Japanese violinist (born 1944)

Takako Nishizaki BBS (born 14 April 1944) is a Japanese violinist. She was the first student to complete the Suzuki Method course, at age nine.

== Biography ==
Nishizaki went to the United States from Japan in 1962. She first studied with Broadus Erle at Yale University, and later with Joseph Fuchs at Juilliard.

In 1964, she was a runner-up in the Leventritt Competition, in which Itzhak Perlman won first prize. In 1966, she was awarded Juilliard's Fritz Kreisler Scholarship.

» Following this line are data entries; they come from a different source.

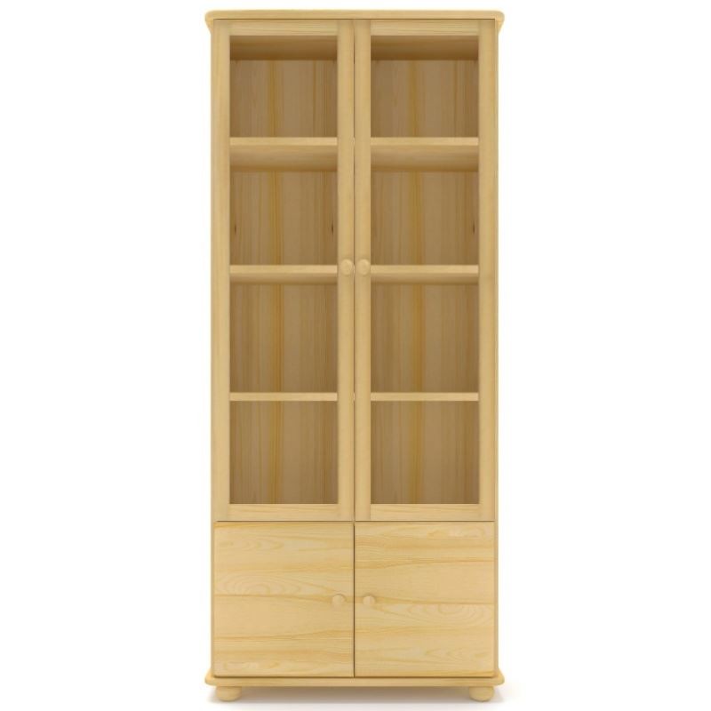 Drewniana witryna sosnowa W9 w podstawowej wersji wykończona jest podwójną warstwą najwyższej jakości półmatowych, bezbarwnych lakierów, podkreślających naturalną strukturę i barwę drewna sosnowego.
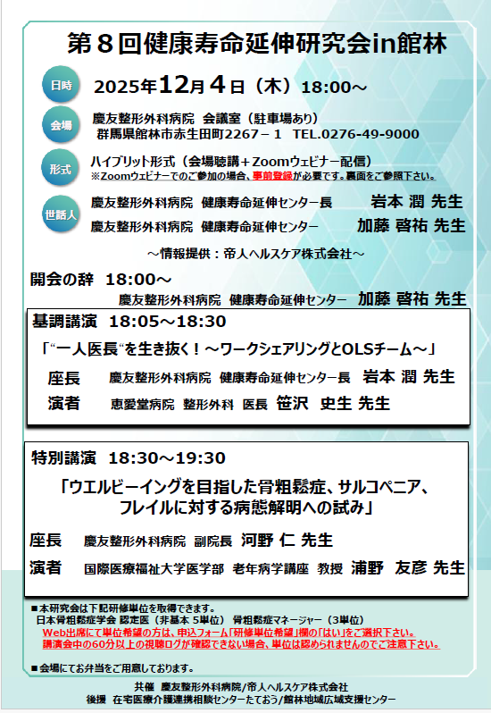 会 場:慶友整形外科病院 会議室(駐車場あり)
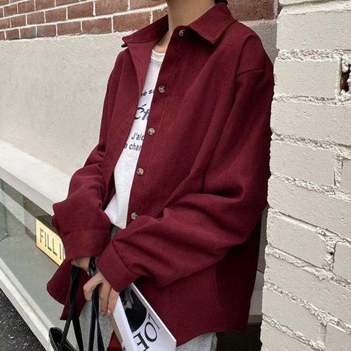[에이치플러스몰]여성 골덴 긴팔 셔츠 레드 기본 카라 가벼운 아우터
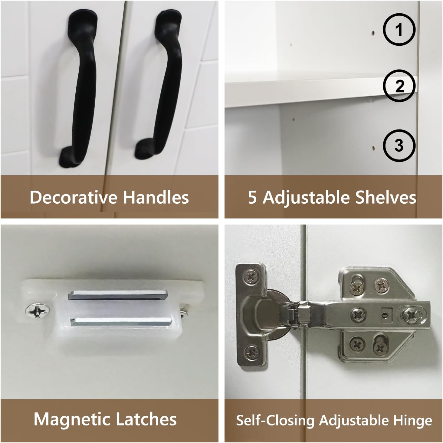 - High-quality Material: The kitchen pantry storage cabinet adopts MFC Material. The thickness of the 15mm sheet material has sufficient hardness and durability. The surface is waterproof and easy to clean
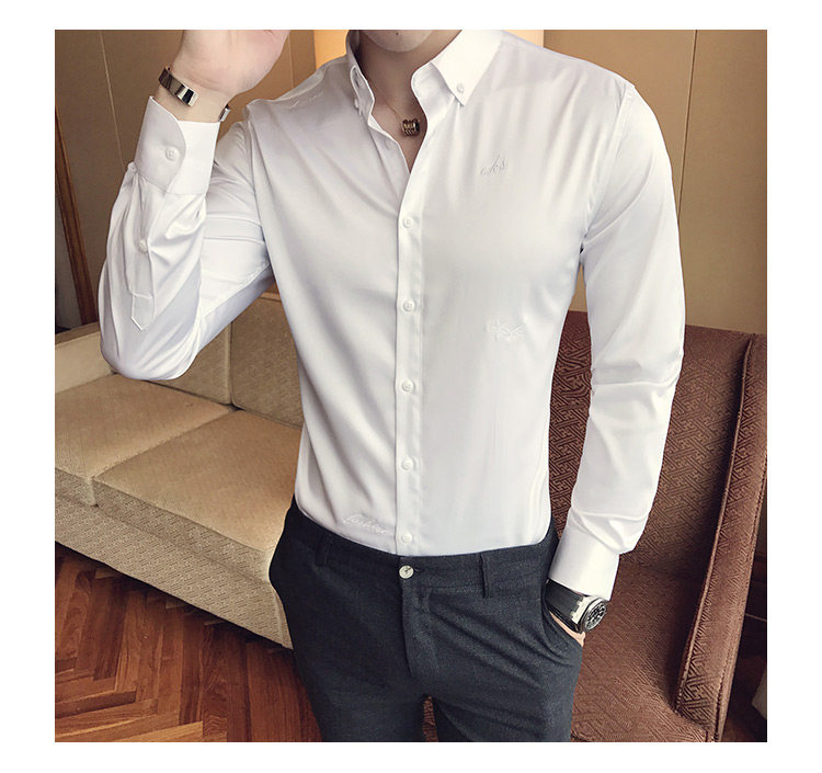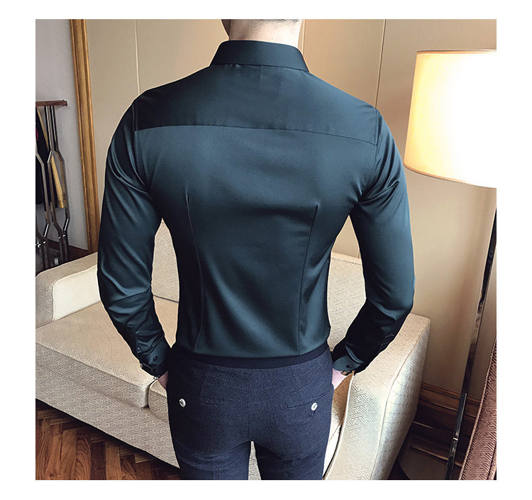 High-end pure color shirt jacket men's long sleeves Korean version trendy upscale rufflet-ups Ironing Business Casual Positive Dress Shirt

In 1969, she won first prize in the Juilliard Concerto Competition performing Mozart’s Sinfonia Concertante with violist Nobuko Imai. Some of Nishizaki's recordings with the Slovak Philharmonic under Kenneth Jean by Naxos Records of famous violin concertos are highly ranked by The Penguin Guide to Recorded Classical Music. She has performed and recorded with pianists such as Andras Schiff, Jenö Jandó and Michael Ponti, and has performed in a number of chamber music ensembles.

Nishizaki is married to the Naxos label owner Klaus Heymann, and teaches violin in Hong Kong, where she was awarded the Bronze Bauhinia Star in 2003 for her work in classical music and charity.

==Discography==
Nishizaki's recording of Vivaldi's "Four Seasons" has sold over a million copies.